English inventor, engineer and shipwright

James Wimshurst (13 April 1832 – 3 January 1903) was an English inventor, engineer and shipwright. Though Wimshurst did not patent his machines and the various improvements that he made to them, his refinements to the electrostatic generator led to its becoming widely known as the Wimshurst machine.

==Biography==
Wimshurst was born in 1832, in Poplar, East London, England. He was the son of Henry Wimshurst, a shipbuilder of Ratcliffe Cross Dock. Wimshurst was educated at Steabonheath House in London and became an apprentice at the Thames Ironworks until 1853 with James Mare. In 1865, he married Clara Tribble. In 1865, after Wimshurst was transferred to Liverpool, he worked at the Liverpool Underwriters' Registry. In 1874, he joined the Board of Trade as a "chief shipwright surveyor" at Lloyds. Later, in 1890, he became the Board of Trade's representative at an international conference in Washington.

Wimshurst dedicated large amounts of his free time to experimental works. Besides his electrical activities, he invented a distinctive vacuum pump, a device to indicate ship stability and methods for electrically connecting lighthouses to the mainland. In 1878, he began to experiment with electrical influence machines for generating electrical sparks for scientific and entertainment purposes. Beginning in 1880, he became interested in electrostatic machines of the influence type. His house in Clapham, England, had a versatile workshop which had a wide variety of tools and devices for electric illumination. Wimshurst constructed several of the known types of electrostatic generators, such as those created by W. Nicholson, F. P. Carré and W. T. B. Holtz. To these predecessors, Wimshurst made many modifications with the result known as the Holtz-Wimshurst machine.

Shortly afterwards, Wimshurst developed a "duplex machine". The device had two disks turning in opposite directions, with metallic conducting sectors on the surfaces of each. Compared to its predecessors, this machine was less sensitive to atmospheric conditions and did not require an electric power supply. This form of the machine was also improved by other developers (such as the Pidgeon machine developed by W. R. Pidgeon, which increased the electrical induction effect and its electrical output). In 1882, Wimshurst developed his "Cylindrical Machine". By 1883, his improvements to the electrostatic generator led to the device being widely known as the Wimshurst machine. In 1885, one of the largest Wimshurst machines was built in England (and is now at the Chicago Museum of Science and Industry).

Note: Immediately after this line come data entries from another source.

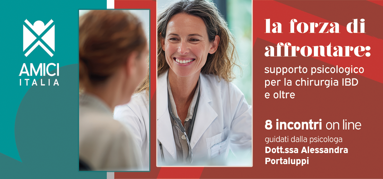 Affrontare un intervento chirurgico quando si convive con una Malattia Infiammatoria Cronica Intestinale può generare molte domande, paure e cambiamenti emotivi. Per accompagnare i pazienti in questo momento delicato, AMICI Italia propone un percorso di supporto psicologico online dal titolo “La forza di affrontare: supporto psicologico per la chirurgia IBD e oltre”, guidato dalla psicoterapeuta Dott.ssa Alessandra Portaluppi.
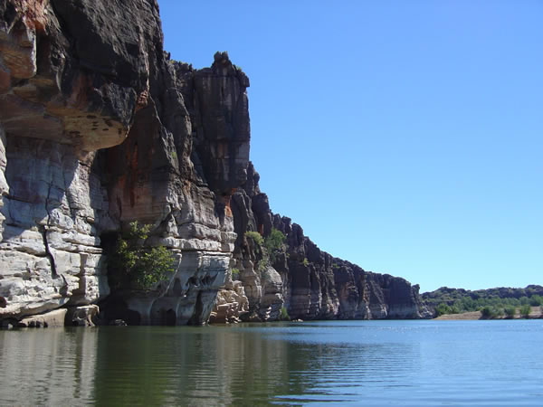 Geike Gorge, The KimberleysSome of these sections of rock looked like they were about to fall into the river! Once we got past this West Wall section of the Gorge we would be about half way through the tour zone. We had been paddling slowly for nearly an hour enjoying the scenery so should make it to the recreation zone in the allotted 2 hours without any trouble. Previous | Album | Next |
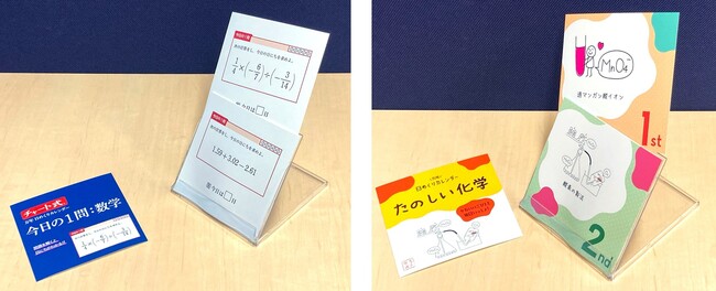 「たのしい化学」「今日の1問:数学」の2種を発売します。くり返し使える万年日めくりカレンダーです。
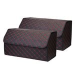 SOGA 2X Leather Car Boot Collapsible Foldable Trunk Cargo Organizer Portable Storage Box Black/Red Stitch Large
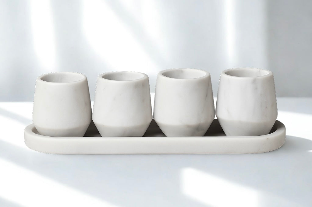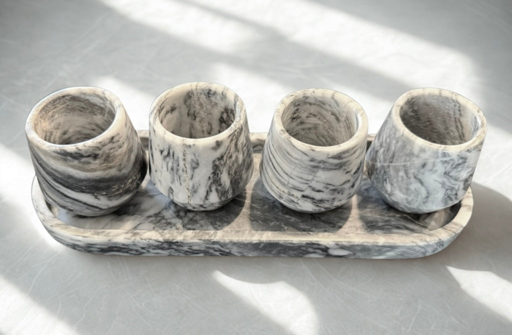 Set de 4 mezcaleros en mármol con plato. Puedes meter los mezcalers al congelador para que al momento de servir se mantenga fría tu bebida.

Wimshurst became a member of the Institution of Electrical Engineers in 1889. In 1891, he reported a machine that generated high-tension alternating currents. In 1896, his multiple-disk machines (up to 8 disks) found a new use as Roentgen ray generators for radiography and electrotherapy. For this contribution to medical science, he was elected a Fellow of the Royal Society in 1898. He died in Clapham, South West London, England, at the age of 70.
In an episode of BBC's The Repair Shop broadcast in January 2022, his great-great-grandson Nick Wimshurst brought his personal twelve-disc Wimshurst machine, which had been kept in the family, for repair.

==Membership and honors==
- Fellow of the Royal Society (1898)
- Institution of Electrical Engineers (1889)
- Physical Society
- Röntgen Society
- Institution of Naval Architects

==Publications==
- "Static Electricity. The “Influence Machine”: How to Make It and How to Use It", 1896.
- "A Book of Rules for the Construction of Steam Vessels", 1898.

==References and external links==

- S. E. Fryer, Wimshurst, James (1832–1903), rev. Arne Hessenbruch, Oxford Dictionary of National Biography, Oxford University Press, 2004 accessed 28 March 2006
- Antonio Carlos M. de Queiroz, James Wimshurst, coe.ufrj.br. (Portuguese)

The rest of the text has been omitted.